Interpreting how nonlinear diffusion affects the fate of bistable populations using a discrete modelling framework

Understanding whether a population will survive and flourish or become extinct is a central question in population biology. One way of exploring this question is to study population dynamics using reaction-diffusion equations, where migration is usually represented as a linear diffusion term, and birth-death is represented with a bistable source term. While linear diffusion is most commonly employed to study migration, there are several limitations of this approach, such as the inability of linear diffusion-based models to predict a well-defined population front. One way to overcome this is to generalise the constant diffusivity, $D$, to a nonlinear diffusivity function $D(C)$, where $C>0$ is the density.
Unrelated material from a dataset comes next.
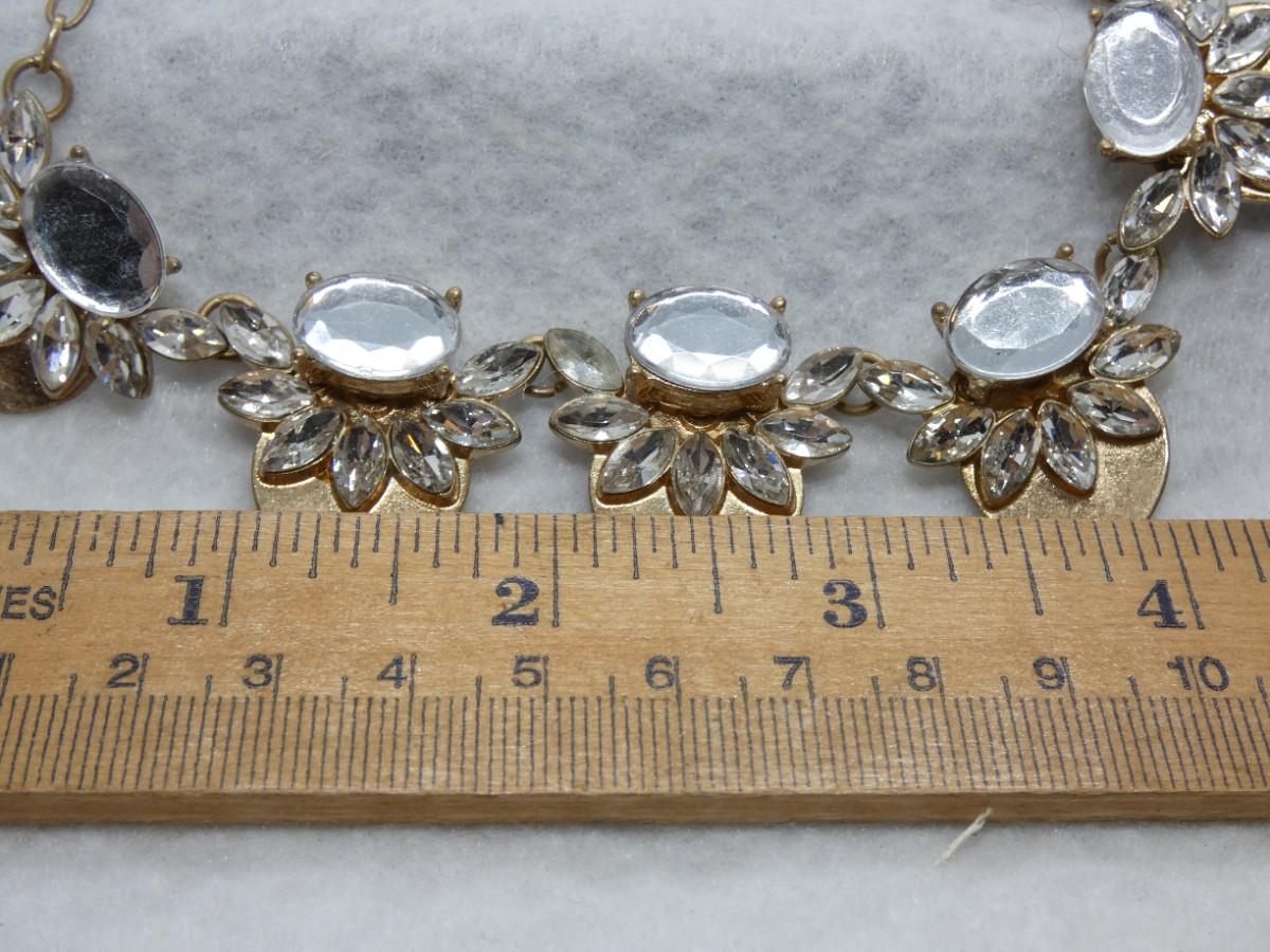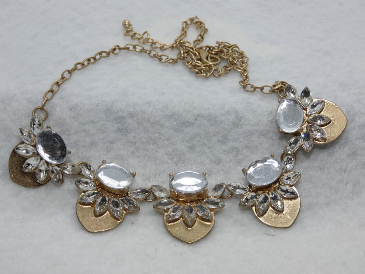 Matt gold Tone Rhinestone Fan Necklace - Art Deco Style

While it has been formally established that the choice of $D(C)$ affects long-term survival or extinction of a bistable population, working solely in a classical continuum framework makes it difficult to understand precisely how the choice of $D(C)$ affects survival or extinction. Here, we address this question by working with a simple discrete simulation model that is easy to interpret. The continuum limit of the discrete model is a nonlinear reaction-diffusion equation, where the flux involves a nonlinear diffusion term and the source term is given by the strong Allee effect bistable model. We study population extinction/survival using this very intuitive discrete framework together with numerical solutions of the reaction-diffusion continuum limit equation. This approach provides clear insight into how the choice of $D(C)$ either encourages or suppresses population extinction relative to the classical linear diffusion model.